これは現代社会批判であり、当時よりさらに情報過多となったわれわれの生活が、より世界を歪めていると捉えられよう。

世界を人間の尺度だけで見るという思考は、科学主義によって侵された状態であると僕も思う。何でもかんでも説明しようとせずに、客観的に捉える。これってなかなか難しい。そして勝手に科学と宮崎駿が両極端かなとも思う(笑)

中平は世界を『私の視線と事物の視線が織りなす磁気を帯びた場所』と定義する。

 

自己批判

時代を斡旋したプロヴォークを作った中平であるが、その輝かしい偉業を否定する。

それはなぜか?

「結局私自身、彼らの一亜種に成り下がることを意味した」と自己批判したのは、自らの写真が前述の世界を歪曲するイメージであったというのだ。
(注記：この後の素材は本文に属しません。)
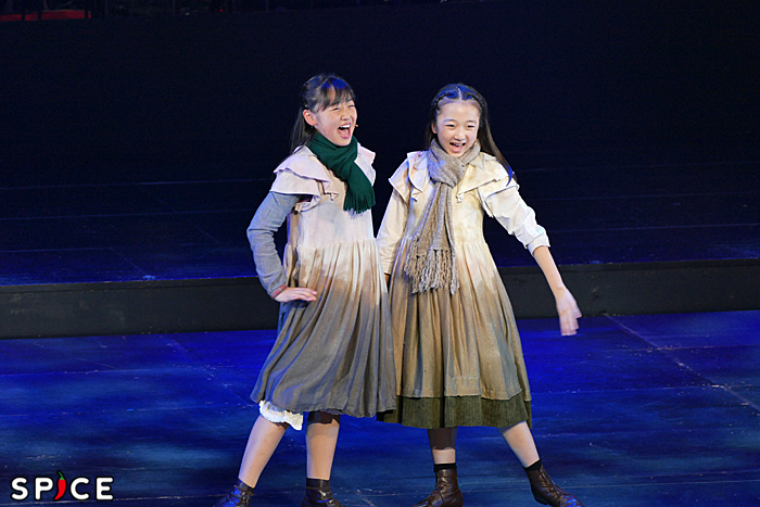 両親はもういない、とわかっている孤児たちが、その中で最大限の願いを唱える。4人のアニーたち(2018年アニー 新井夢乃・宮城弥榮、2019年アニー 岡 菜々子・山﨑玲奈)が、「家族」への憧れが詰まった「メイビー(Maybe)」をアカペラで歌い上げる(冒頭写真)。その想いを支えるように、孤児たちが後半にコーラスで加わる。
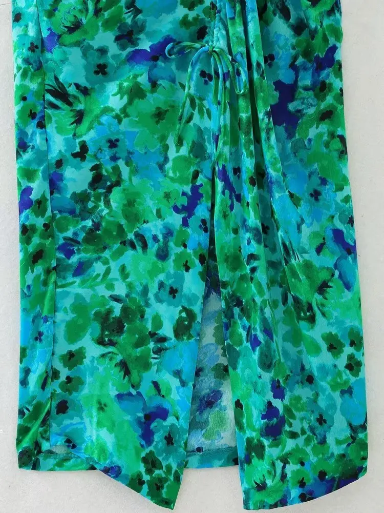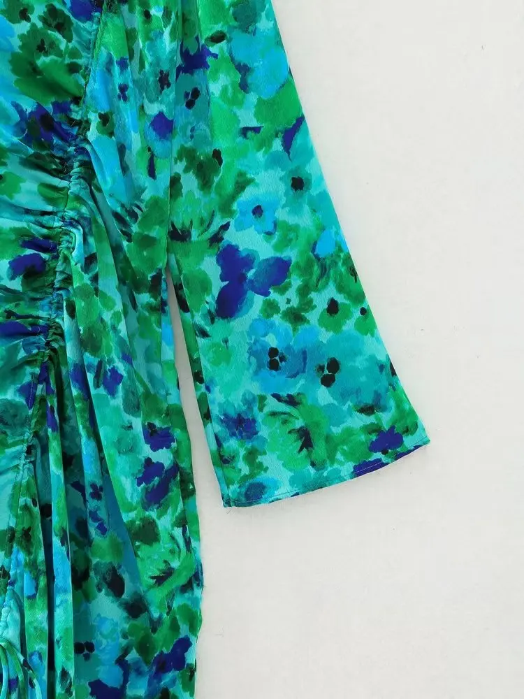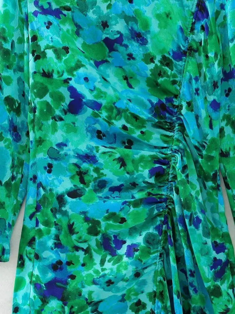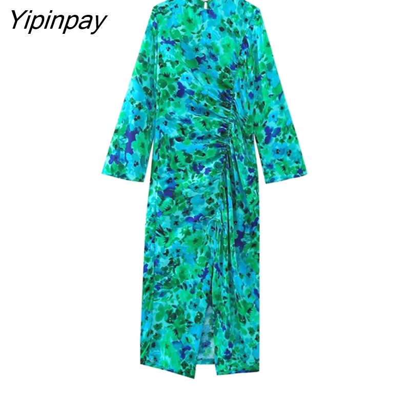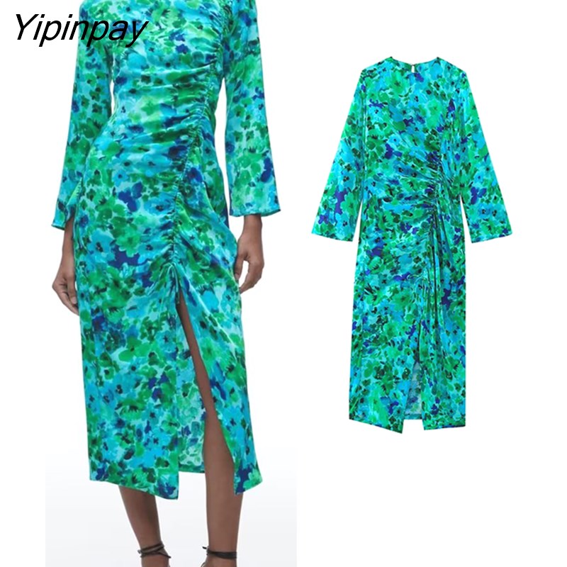 Yipinpay 2023 Women Printed Folds Mid-Calf Dresses Elegant Female Beach Style Slim Party Vestidos Long Sleeved Dresses Soft Outwear

アレ・ブレ・ボケといわれる前衛的な作風は、「操作可能なモノクローム」で「ウィリアム・クラインのような世界」で「事物があるがままの白昼ではなく夜を選んだ」ため、事物を確認する以前に見ることをあきらめた写真であると辛辣に否定した。

 

これは写真同人誌プロヴォークのことを言っている。

「思想のための挑発的資料」として銘打って売り出されたこの同人誌は、わずか3号で終わったものの、日本だけでなく世界にも影響を与えた伝説の写真同人誌。

原著は数十万円もするプレミア中古価格となっている。

僕のような俗物であれば、一発当てて名声を得たんだから、死ぬまでアレ・ブレ・ボケで稼ぎまくって、ワイドショーのコメンテーターみたいにふんぞり返って当たり障りない無責任なことを放言してさらに稼ぎまくってやろうなんて思ってしまうが、中平卓馬は違った。

プロヴォークで見られた革命的な写真表現は、それまでの写真が世界を安易なステロタイプに図式してみせていただけであり、それを否定するための写真であった。

結局それは、旧態の写真表現の亜種でしかなかった。このアレ・ブレ・ボケはセンセーショナルに受け止められ、そのコピーが乱立していく。

中平が望んだ新しい表現は、結局自らが否定していたイメージの自己投影であり、だからこそ複製され消費されていっただけであったのだ。

 

 

なぜ、カメラか

このように全てにおいて批判的な中平卓馬であるが、ではなぜカメラを手に取るのか?

彼のイメージ論を聞いていると、「そもそも表現自体良くないと言っているのでは?」とも感じてしまう。

そこで中平は、カメラについて語る。

カメラとは、空間を切り取り、所有し、そして主体と客体の二元論という近代のロジックを背負っている技術であり制度である。

だからこそ、カメラは世界と私という二元的対立を包み込んだ場として世界の構造を明らかにすることが可能なのだという。

それは、

一枚の写真の空間に限定するのではなく、時間と場所に媒介された無数の写真を考える時、一枚一枚の写真のもつパースペクティブは次第にその意味を薄められてゆくのではないか。

という考えからであった。

※パースペクティブ=(物事に対する)見方、態度、視点

 

僕の理解だと、カメラは写真という記録を無数に複製することにより、断定的な二元論がすべてであった近代の世界を破壊することができるということだと思う。

先程のイメージ論で述べた通り、個人の「世界はこうあるべき」を捨て、ありのままの世界を記録していけば、近代的な価値観から抜け出した世界を表現できるのではないかと思ったのではないだろうか。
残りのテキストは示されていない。